Ok, hoping all the images come through. Basically I have made a terrarium out of a Biorb Air 60 and have the temp a fairly constant 72-75 and humidity 80-85(right after a misting). Anyway, I added three little Southern Variabilis to this a few days ago and they have done as all other new frogs I've gotten have done. Basically exploring the entire new home, looking in every nook and cranny and climbing all over the walls and the ceiling until I assume they will settle down like all the others after a few days to a week. Anyway, let's talk about the problem.

For those not familiar with a Biorb air 60 it has a built in misting unit, sensor and reservoir that hangs down from the direct middle/top of the tank. I have nothing going up that far or touching the tank so fairly inaccessible...or so I thought. These little Houdini's somehow get inside the misting reservoir and then can't figure out how to get out. I get it, they basically play a crazy game of spider frog across the roof and find this tiny little channel where it is easier to keep going and explore more rather than risk falling. But the last two afternoons I have opened the lid to find one or two of these guys inside the reservoir clinging to a wall because they don't want to fall into all the water. I don't want to block off the channel as it would interfere with the sensors that detect when to mist. I could remove the unit altogether, but The Biorb would sense it is missing and dim and brighten every 15 minutes to alert me of issue so that option is out as well.

So I guess first and foremost, has anyone else had a similar issue with these tanks before and if so what did you do? Should a add maybe a small little lid of water in the tank somewhere where these guys could splash around? Or just typical settle down pangs for these guys like others and they will settle with time and not really do it anymore after awhile?

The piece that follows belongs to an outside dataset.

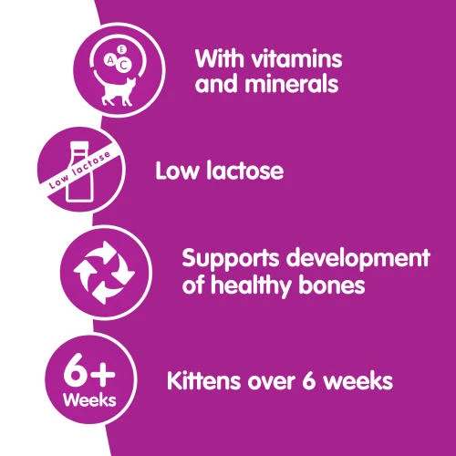 - Suitable for kittens over 6 weeks of age and it contains calcium, known to support a kitten’s rapid development and help support the growth of healthy teeth and bones

Never had this species before so open to ideas.

I included images of a full tank the reservoir is directly under the grey lid on top and I included a photo of the tiny little channel these guys use to get inside.



http://imgur.com/a/x5wQPYW


----------



## Socratic Monologue (Apr 7, 2018)

Can you post pics of your actual viv? 

I suspect they go in there to get something they're not getting elsewhere.


----------



## Talapus (Sep 9, 2020)

Socratic Monologue said:


> Can you post pics of your actual viv?
> 
> I suspect they go in there to get something they're not getting elsewhere.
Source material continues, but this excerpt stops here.